3) A user must activate a role before exercising capabilities associated with that role. 4) A patient may give consent only to a doctor who has previously requested it. 5) A doctor may read a patient’s EMR only after the patient has given consent. Constraints 1 and 2 are role- or capability-based whereas 3, 4 and 5 are temporal: they require that actions be performed in a prespecified order. In RHTT, we specify such temporal or state-based access control properties using abstract predicates. By carefully controlling the interrelationships between abstract predicates and the functions exposed by the module interface, RHTT programs may impose arbitrary temporal constraints on clients. For example, the STsec type for a function f may state that an abstract predicate p holds in any state resulting from the execution of f . The precondition of a second function g may require that p hold in any state in which g is executed. If the module interface ensures that f is the only way to prove that p holds then we have enforced that f is always called before g. Furthermore, since p is indexed by the state resulting from the call to f , any updates to the state will invalidate p, requiring that f be called again before g is executed. In the context of the workflow above, we use just this approach to enforce that 1) request consent is called before give consent; and 2) give consent is called before read emr. To do so, we define three new abstract predicates, requested consent, consented and can read emr, each of which is a function from a doctor’s user id and a patient’s user id to prop. The use of these predicates is governed by the constraint that a client of the medical records module cannot call read emr db pat unless the current user is doc and can read emr doc pat holds. We further require that (1) give consent db doc can only be called when requested consent doc pat holds for the current user pat, (2) calling give consent produces the abstract predicate consented doc pat and (3) consented doc pat implies can read emr doc pat. To ensure that can read emr permission can be retracted, we might choose to index the predicate by the current heap, in addition to doc and pat. Database calls

STsec [database, user] unit (fun db pat i . ∃(act:seq role) (user :user) (rost:seq user) (j h:heap). i = j • h ∧ j ∈ shape db act user rost ∧ clinician ∈ act, fun ddb ppat yy ii mm. ∀aact uu rrost jj hh. ii = jj • hh ∧ jj ∈ sshape ddb aact uu rrost → mm = ii ∧ rrequested consent (get uid uu.1, get uid uu.2) (get uid ppat.1, get uid ppat.2)) Function request consent takes a database and a user—from whom the active principal is requesting consent—as local arguments. The precondition of the STsec type requires that the subheap j contain local state for the database and that the clinician role be active. The postcondition asserts that requested consent u pat holds after both executions.
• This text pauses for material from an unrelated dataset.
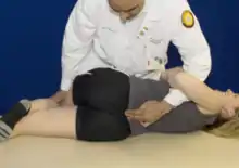 Bilateral Flexion Shear: Place the patient in the prone position on the table. Abduct and internally rotate both lower extremities until the ilia are as laterally displaced as possible with respect to the sacrum. Contact the inferior lateral angles of the sacrum. Instruct the patient to perform 3 long, slow cycles of inhalation and exhalation. During the patient’s inhalation phase, apply firm downward pressure onto the inferior lateral angles. During the patient’s exhalation phase, actively resist sacral nutation. | ![]() Bilateral Flexion Shear ME |
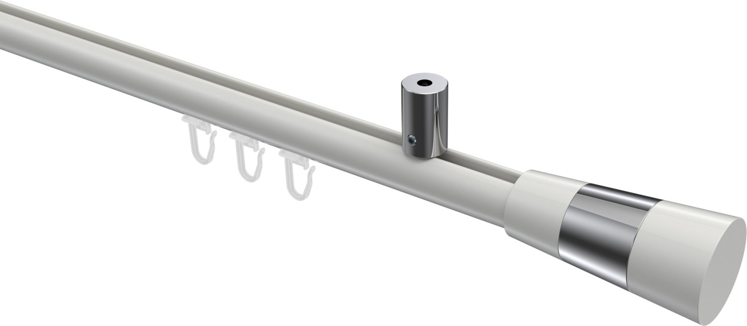 Gardinenstangen mit Innenlauf aus Aluminium / Metall in 20 mm Ø, 1-läufig, Modell SONIUS - Tanara Weiß / Chrom

To express this fact, we assert that the relational predicate rrequested consent (get uid uu.1, get uid uu.2) (get uid ppat.1, get uid ppat.2) holds in the final states. Here rrequested consent just lifts the unary requested consent to operate on pairs of heaps. In order to use the relational version of this predicate in the preconditions of functions that require it, we expose the additional property that rrequested consent ddoc ppat → requested consent ddoc.1 ppat.1 ∧ requested consent ddoc.2 ppat.2 i.e., that the relational invariant implies the unary property for each run.